This book offers an insight into poverty amidst affluence by illustrating how poverty persisted despite steady economic growth and growing affluence of a few. It shows how, in 1994, poverty rates were higher in South Africa than almost any other middle -income country, with only Brazil having a similar poverty rate. The authors do not limit the explanation of poverty to present-day government policies. They also provide historical explanations, based on three historical facts. Firstly, they argue that Africans were dispossessed of their land through Apartheid. As a result, the last vestiges of an independent African peasantry had been destroyed, both on white owned farms and in Bantustans. Secondly, they contend that working-age adults were unemployed for both personal and economy-wide reasons: they probably lacked the skills, credentials or connections required to get work in an economy with shrinking opportunities for less-skilled workers. Thirdly, the authors explain that African households had no claims on the state, in that none of their members were eligible for government grants. The main argument is therefore that both poverty and affluence were, in large part, the consequence of the Apartheid distributional regime-that is, of the combination of growth path and public policies.

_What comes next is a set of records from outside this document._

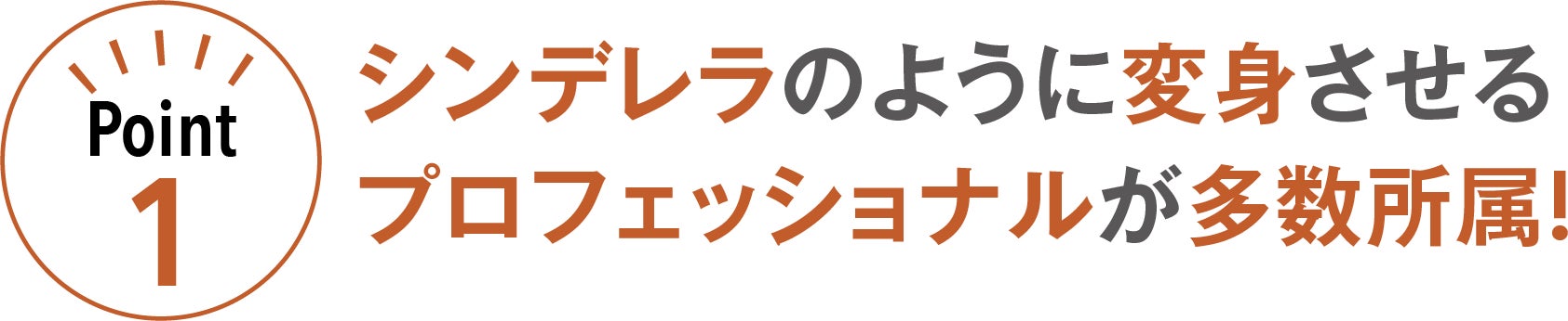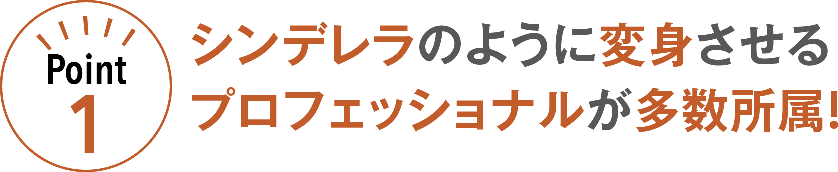 - 【Point 1】シンデレラのように変身させるプロフェッショナルが多数所属!
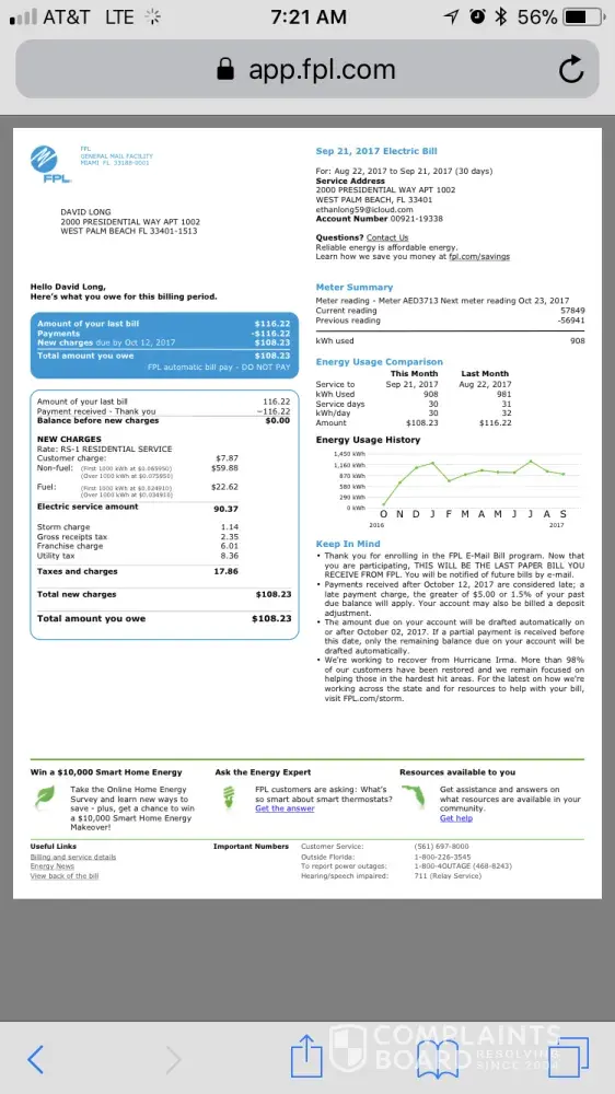 Florida Power & Light [FPL] Complaints Page 25 of 40
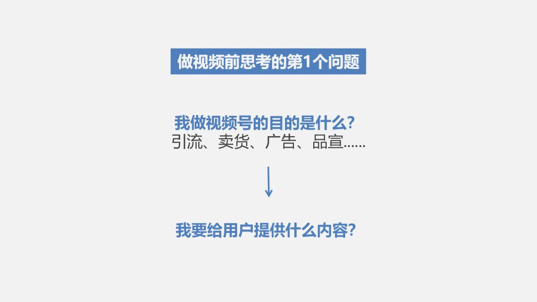 因此,在做视频号之前,一定要先把目的想清楚,是要做广告、卖货,还是引流?然后,再去思考,要给用户提供什么内容。
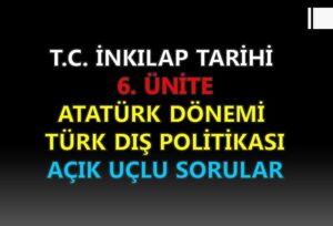 6. Ünite Atatürk Dönemi Türk Dış Politikası Açık Uçlu Sorular PDF İÇİN TIKLAYINIZ.
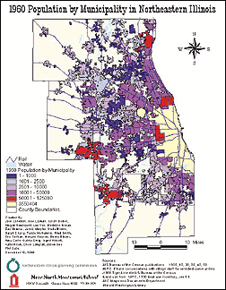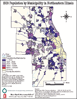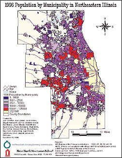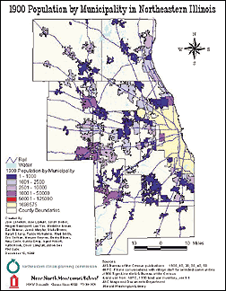 Teams with the Northeastern Illinois Planning CommissionClass Uncovers Historic Census InformationBy David Toan's Seventh and Eighth Grade Class, Near North Montessori School, Chicago, Illinois Students from Near North Montessori School in Chicago, Illinois, were asked to do a project with the Northeastern Illinois Planning Commission (NIPC), a regional government agency in Illinois. NIPC works with this school and other Chicago public schools on planning issues and also teaches students how to use ArcView GIS as a tool to do analysis. The purpose of the project was to help NIPC fill holes in early census population information for roughly 90 communities of the Chicago metropolitan area. NIPC uses this census data to interpret past trends and to make projections into the future. NIPC assigned the project to the students because they brought energy to it and, since it was the class focus, the students were very efficient. Middle school students from the Near North Montessori School teamed with their area planning commission to unearth historic census information and produce informative maps such as those shown below.
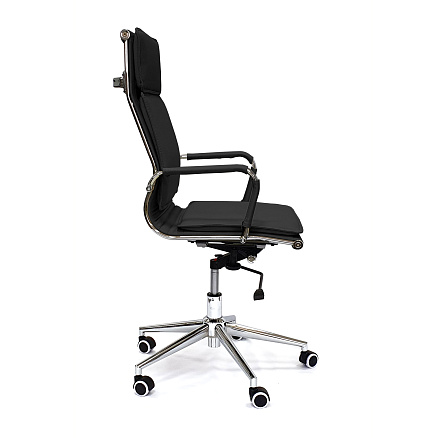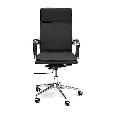 Кресло руководителя RT-06Q — кресло с обивкой из экокожи, с удобными накладками на сиденье, спинке и подголовнике. Хромированные подлокотники снабжены накладками из экокожи. Регулировка высоты и наклона.
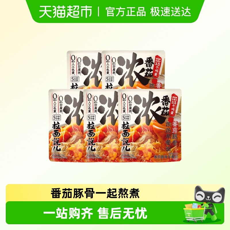 部分地区有补贴40.6 拉面说儿番茄豚骨浓汤早餐面170g*5袋 tao金
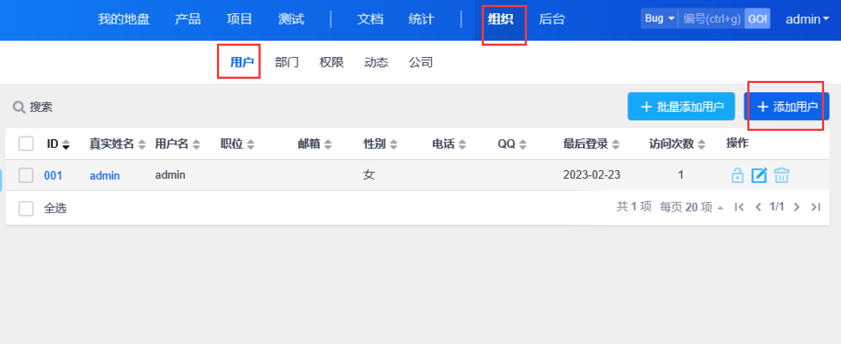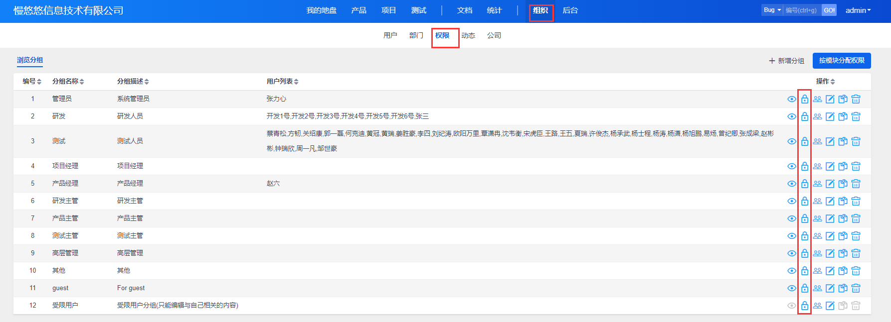 ② 点击【组织】→【用户】→【权限】中,可以修改人员的权限:
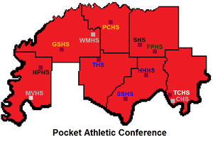 The Pocket Athletic Conference (PAC) is a high school athletic conference in Southwestern Indiana with its headquarters at Forest Park. Most of the conference's 13 members are mainly Class 2A and 3A public high schools currently located in Daviess, Dubois, Gibson, Perry, Pike, Posey, Spencer, and Warrick counties. Only one, Tecumseh, is a 1A and as such operates its football program independently of the PAC and remains independent in the sport, playing schools much closer to its size than its much larger borderline 3A or 3A and 4A fellow members.
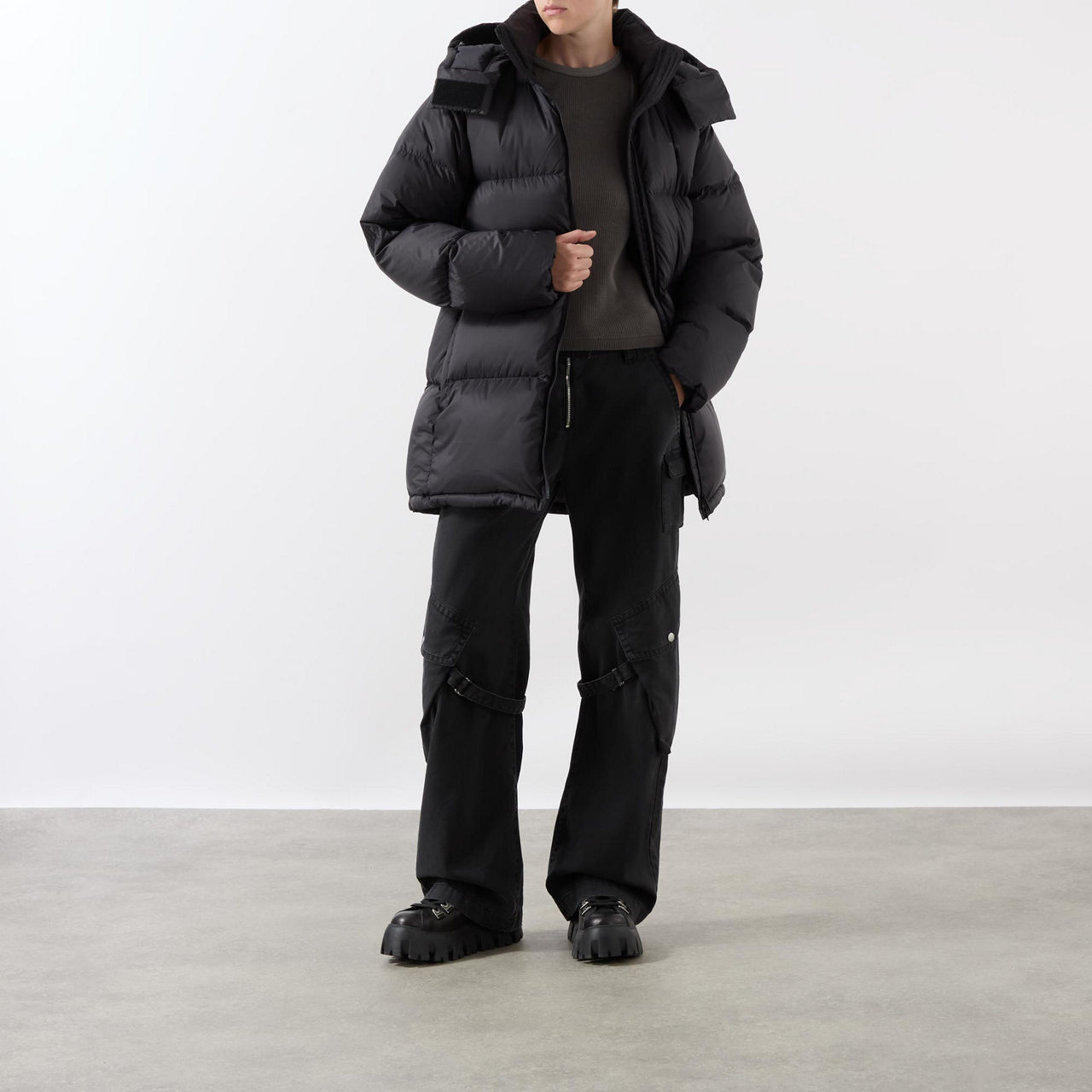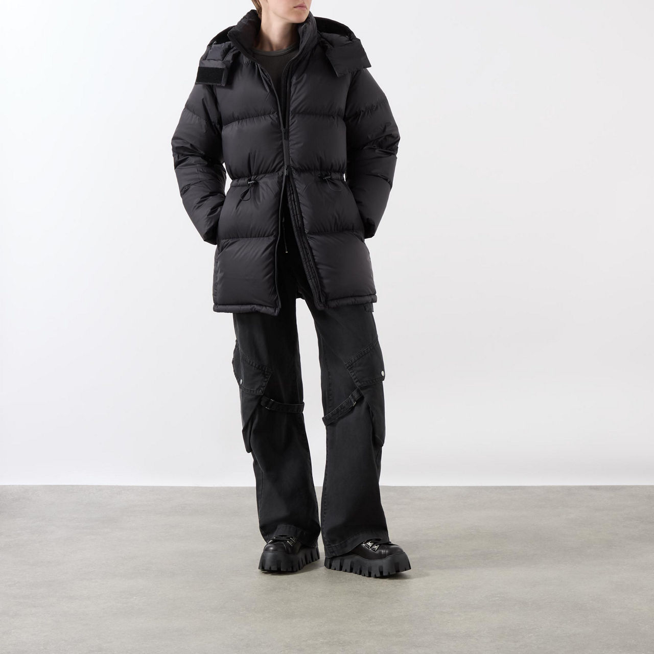 - Detachable hood with zip fastening, Velcro closure, teddy-lined collar, long sleeves, rib-knit cuffs, two-way front zip fastening, teddy-lined placket, two side entry pockets, adjustable drawcord waist, straight adjustable hem, quilted design, padded

The book further shows that with the historical imbalances in place, there was no political will to eradicate poverty except revolutionary sounding phrases with no implementation. Some of the implementations they suggest are that welfare states support citizens' income through distinct mechanisms such as social insurance, which entails state-run contributory schemes that pool risk within groups of working people, providing some combination of pension in old age and grants in the event of sickness, disability or unemployment.

The last significant chapter is titled, "The welfare state, public service and social wage". The book shows how, through the neo-liberal path taken by both central and local government, houses were built by private developers, municipal services outsourced to contractors, while municipal government emphasised cost delivery. It also shows how the better public schools charged substantial fees, and the private health care sector absorbed a small minority of the population.

Having read the book, the reader gets a good picture of the reasons for the persistence of poverty in South Africa. The authors' combination of the retrogressive historical factors and the present-day government policy and implementation provides a balanced explanation for poverty. However, as much as the post-apartheid government should be criticised, it should be noted that countries that have strong social policies have high levels of savings. For example, China has up to 50% of savings of their GDP. Yet the new post-1994 government was bankrupt and had to service the massive debt it inherited from the Apartheid government. Such a situation should, therefore, be considered as one of the significant historical factors that made the establishment of a social democracy almost impracticable.

The book by Seekings and Nattrass deals with a critical issue in contemporary South Africa. It relates to how the colonial division of South African society into citizens (whites) and subjects (blacks) persists in the post-apartheid era because of the failure of the decolonisation process (Mamdani, 1996). This book is a worthwhile read in providing an overview of South Africa's welfare since the advent of democracy and anyone who wishes to understand post-apartheid South Africa from a historical perspective should consider reading it. It is a useful resource in understanding how historical change tends to be always associated with some form of continuity.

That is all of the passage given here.